_Task brief_
Take the lines from the beginning of the material through the line containing "Декор для творчества" and retype them exactly, leaving the pictures out.

_Provided data_
***

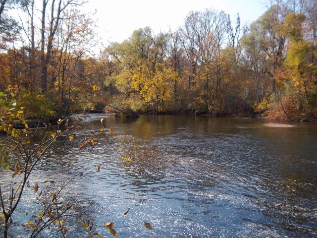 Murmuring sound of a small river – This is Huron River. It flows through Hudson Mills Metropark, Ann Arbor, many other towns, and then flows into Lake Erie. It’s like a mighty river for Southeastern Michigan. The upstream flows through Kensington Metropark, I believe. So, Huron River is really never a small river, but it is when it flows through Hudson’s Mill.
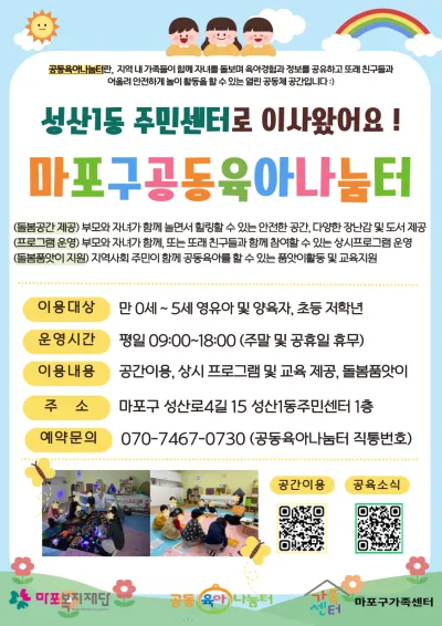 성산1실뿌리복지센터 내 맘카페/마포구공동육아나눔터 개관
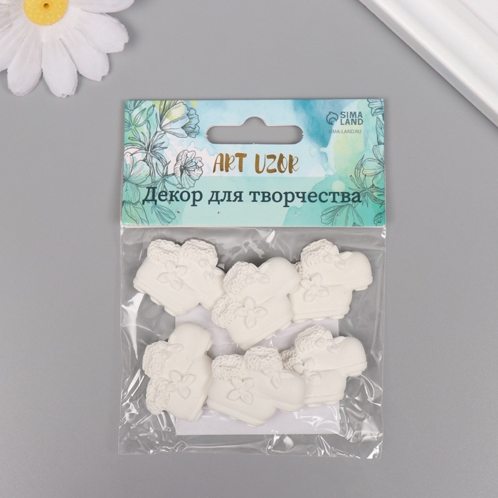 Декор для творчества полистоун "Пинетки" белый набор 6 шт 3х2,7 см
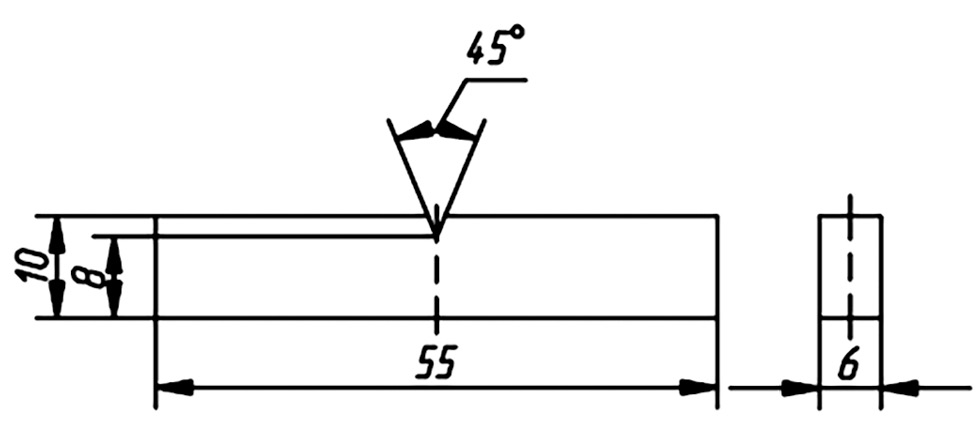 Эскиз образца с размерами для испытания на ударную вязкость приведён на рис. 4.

***

_Task response_
 Murmuring sound of a small river – This is Huron River. It flows through Hudson Mills Metropark, Ann Arbor, many other towns, and then flows into Lake Erie. It’s like a mighty river for Southeastern Michigan. The upstream flows through Kensington Metropark, I believe. So, Huron River is really never a small river, but it is when it flows through Hudson’s Mill.
 성산1실뿌리복지센터 내 맘카페/마포구공동육아나눔터 개관
 Декор для творчества полистоун "Пинетки" белый набор 6 шт 3х2,7 см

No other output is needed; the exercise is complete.